WBRH&B News Notes                                              October 2000     

Employment Law News Notes: Online harassment and the employer’s obligation to police email communications between employees.

As an employer, do you have an affirmative obligation to police the computer based communications between your employees? The New Jersey Supreme Court thinks so. In a recent decision that is likely to have far reaching implications, the New Jersey Supreme Court in the case of Blakey v. Continental Airlines, Inc. has ruled that employers may have a duty to monitor computer "bulletin boards" to prevent on-line sexual harassment between co-workers. In Blakey, a female airline pilot alleged that she was the victim of hostile work environment sexual harassment resulting from her co-workers’ posting of defamatory statements about her on the employer’s electronic bulletin board. The main issue in the case was whether the computer message board, which was maintained "off site" via an internet service provider, yet was utilized by management as an integral part of operations, was sufficiently part of the workplace. The Court held that it could be.

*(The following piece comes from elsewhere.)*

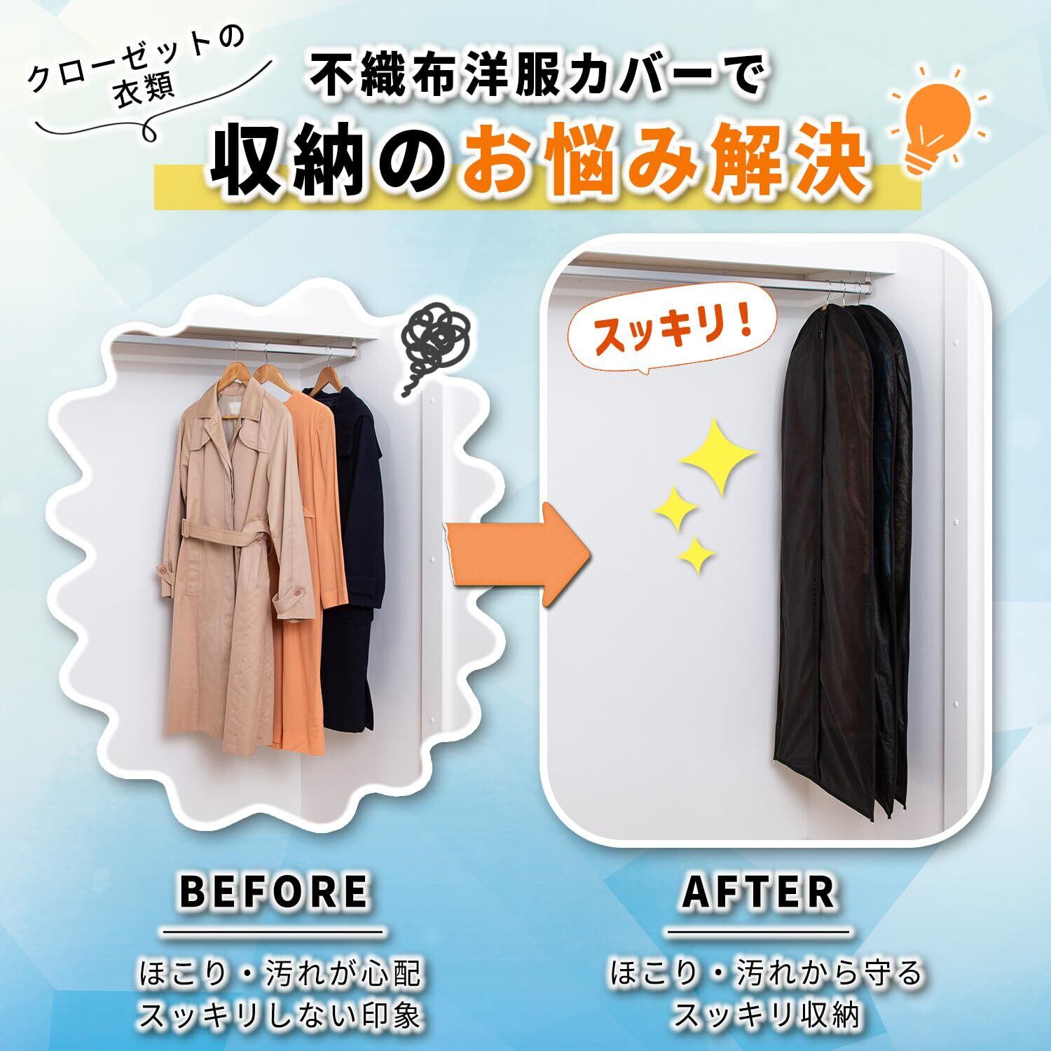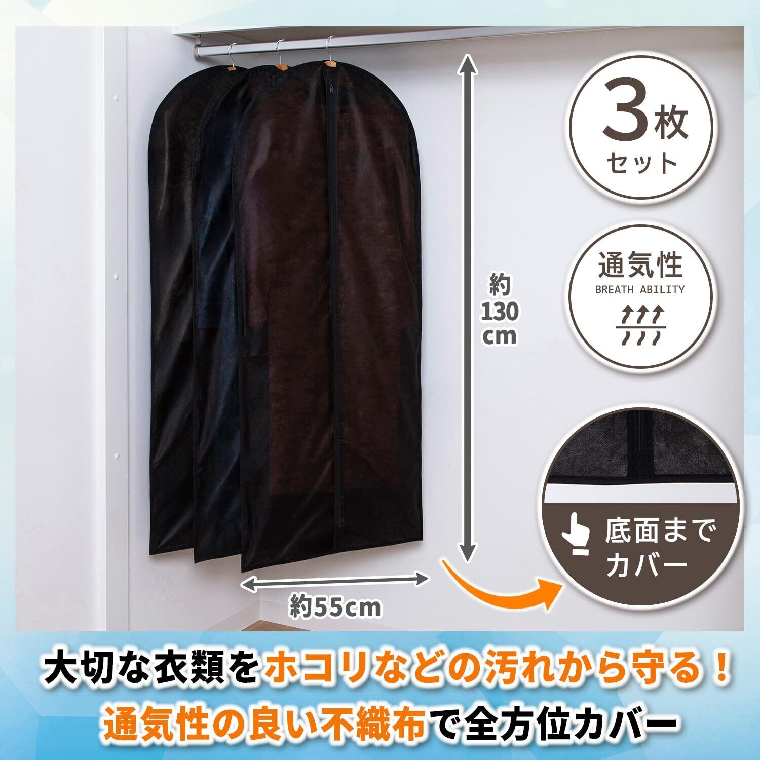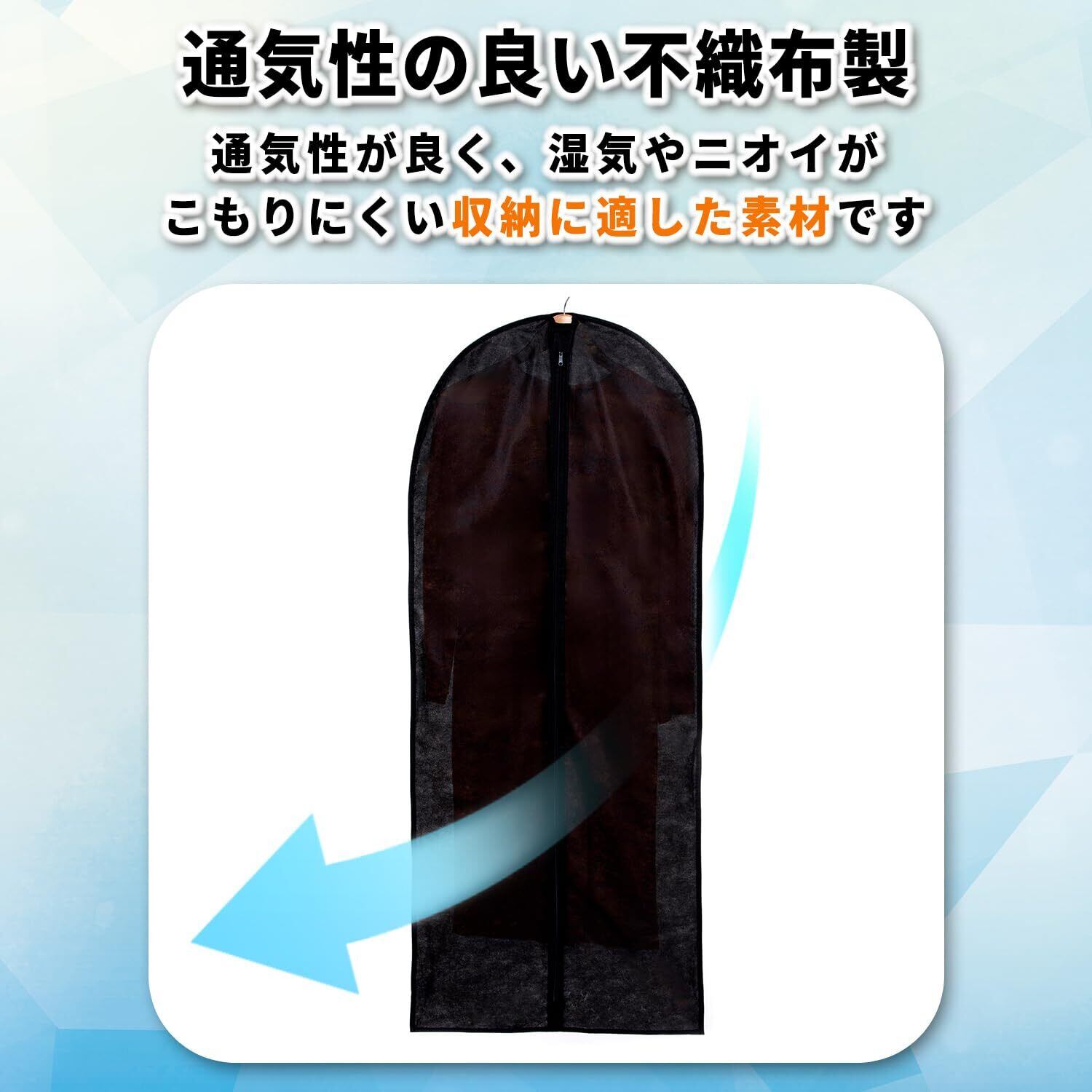 【通気性の良い不織布製の衣類カバー】:通気性が良く湿気やにおいのこもりにくい不織布製の衣類カバー。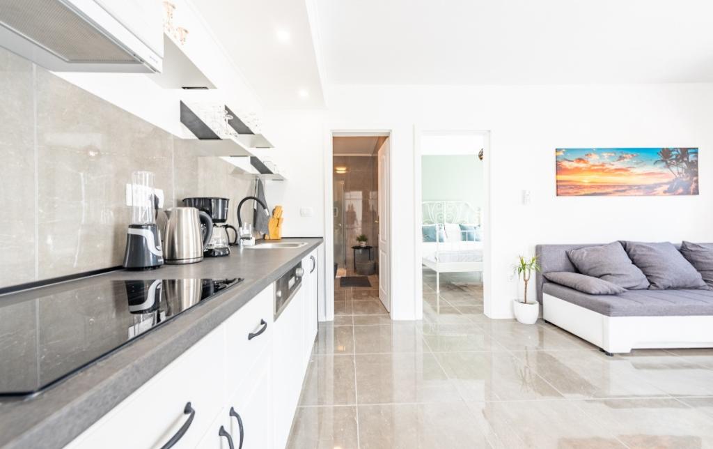 Moderne en volledig uitgeruste appartementen in een rustig deel van Maslenica. De voorziening bevindt zich in het centrum, op 250m loopafstand van de winkel en op 900m loopafstand van het hoofdstrand. Op weg naar het strand passeert u een kinderspeelplaats, verschillende winkels, een groente- en fruitkraam en een bakkerij.

Although the message board was not physically located within the airport, it might nonetheless have been so closely related to the workplace environment that harassment occurring on the bulletin board was sufficiently work-related -- thus if the employer knew about the harassment and failed to stop it, the employer could be held liable.

The Court stated as follows: [E]mployees do not have a duty to monitor private communications of their employees; employers do have a duty to take effective measures to stop co-employee harassment when the employer knows or has reason to know that such harassment is part of a pattern of harassment that is taking place in the workplace and in settings that are related to the workplace.

In sum, although the employer is not required to spy on its employees, the employer does have an obligation to guard against sexual harassment between co-workers wherever it occurs in the workplace -- whether in the office, or in cyberspace.